Required work: The answer must be only the lines below from the one holding "MSYS2 실행 후 명령 창에 아래와 같이 입력합니다." down to the one holding "Der Weg bleibt", ends included, printed exactly; please omit all pictures.

Records shown:

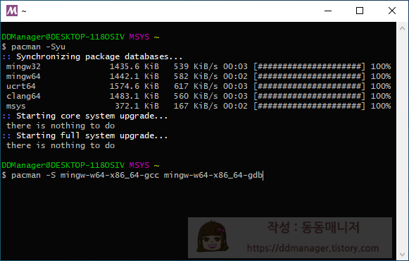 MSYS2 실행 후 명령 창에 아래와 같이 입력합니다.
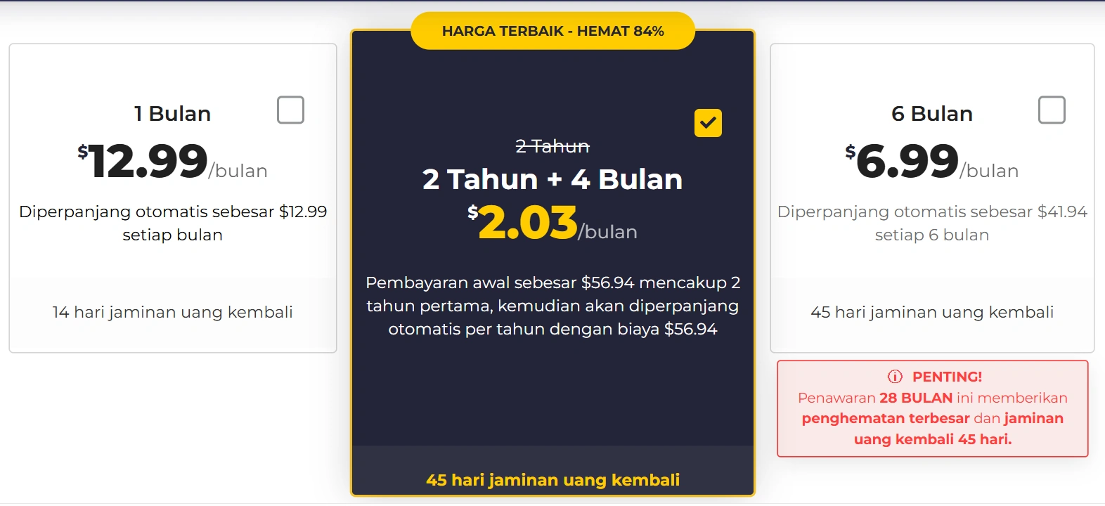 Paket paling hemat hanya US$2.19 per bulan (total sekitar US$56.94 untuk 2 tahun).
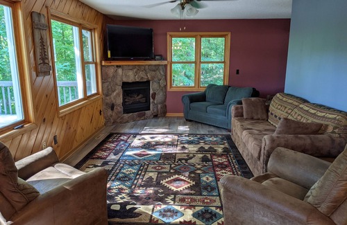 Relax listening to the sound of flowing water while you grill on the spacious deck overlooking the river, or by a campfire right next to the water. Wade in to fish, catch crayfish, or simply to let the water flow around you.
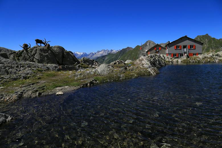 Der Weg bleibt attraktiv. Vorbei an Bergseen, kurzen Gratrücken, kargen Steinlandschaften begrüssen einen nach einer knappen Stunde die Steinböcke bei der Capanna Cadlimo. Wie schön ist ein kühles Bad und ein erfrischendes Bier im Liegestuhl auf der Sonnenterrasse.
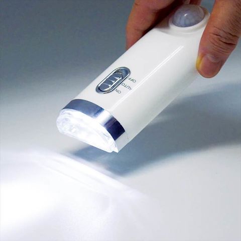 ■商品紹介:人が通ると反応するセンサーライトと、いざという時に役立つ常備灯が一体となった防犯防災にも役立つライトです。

...

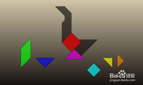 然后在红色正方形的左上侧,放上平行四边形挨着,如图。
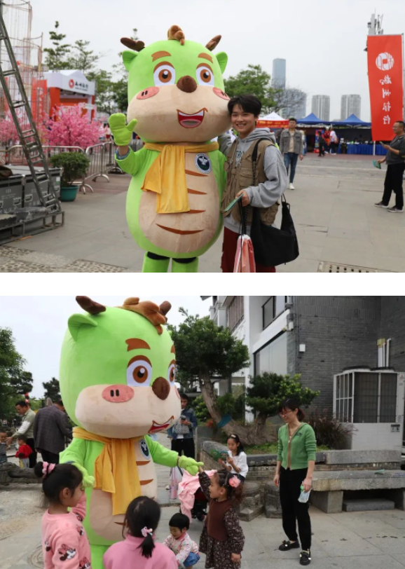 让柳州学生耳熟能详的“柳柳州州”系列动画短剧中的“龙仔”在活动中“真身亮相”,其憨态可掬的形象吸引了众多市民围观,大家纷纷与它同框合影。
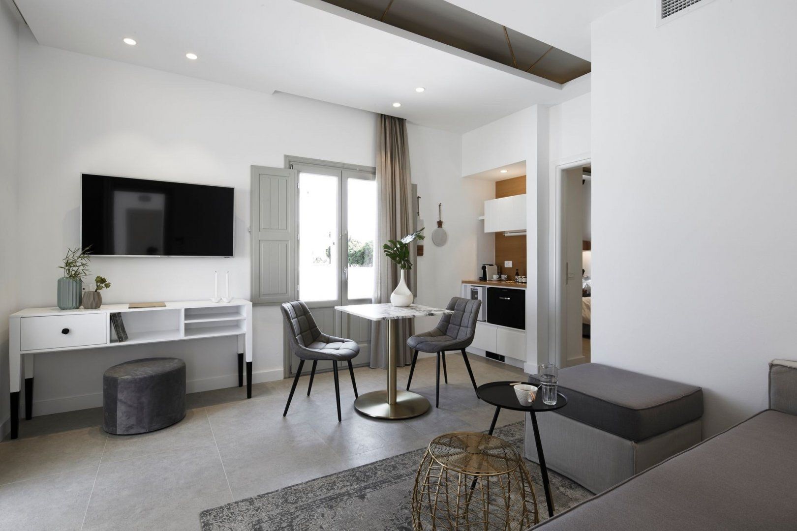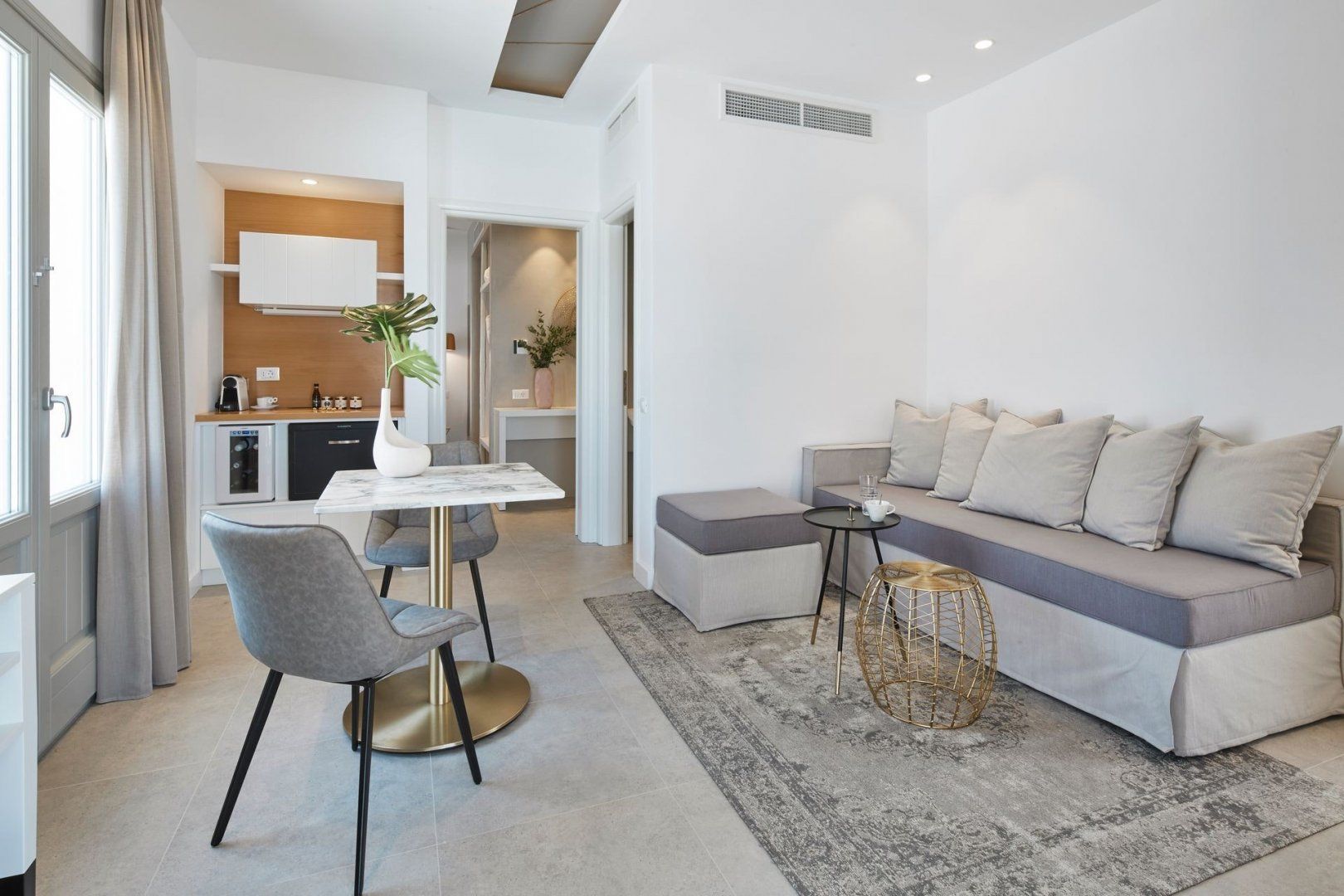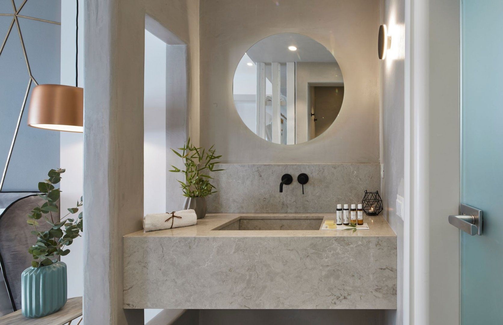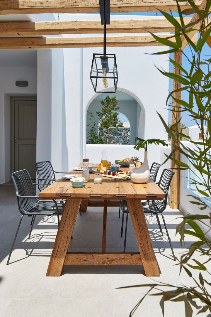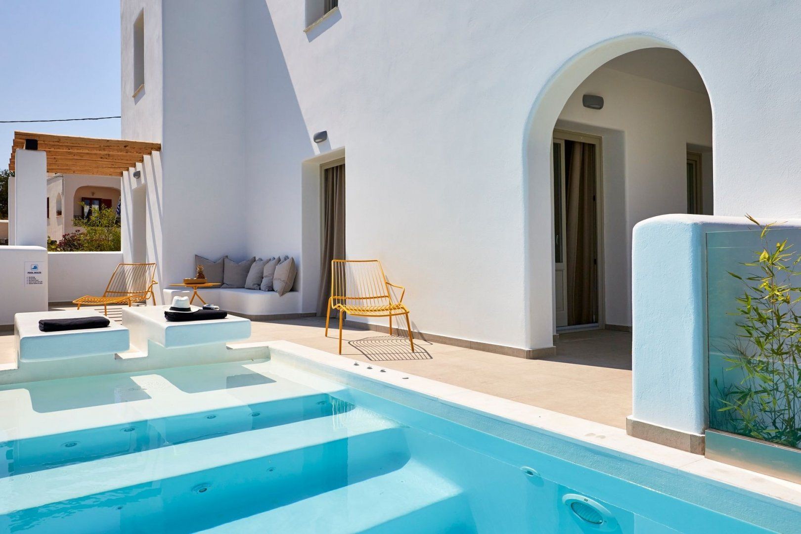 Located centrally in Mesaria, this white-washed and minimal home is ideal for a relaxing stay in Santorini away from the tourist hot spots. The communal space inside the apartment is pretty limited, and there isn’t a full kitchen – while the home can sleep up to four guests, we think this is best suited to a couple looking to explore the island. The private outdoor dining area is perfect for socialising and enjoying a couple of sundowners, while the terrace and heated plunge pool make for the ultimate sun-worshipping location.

Written response:
 MSYS2 실행 후 명령 창에 아래와 같이 입력합니다.
 Paket paling hemat hanya US$2.19 per bulan (total sekitar US$56.94 untuk 2 tahun).
 Relax listening to the sound of flowing water while you grill on the spacious deck overlooking the river, or by a campfire right next to the water. Wade in to fish, catch crayfish, or simply to let the water flow around you.
 Der Weg bleibt attraktiv. Vorbei an Bergseen, kurzen Gratrücken, kargen Steinlandschaften begrüssen einen nach einer knappen Stunde die Steinböcke bei der Capanna Cadlimo. Wie schön ist ein kühles Bad und ein erfrischendes Bier im Liegestuhl auf der Sonnenterrasse.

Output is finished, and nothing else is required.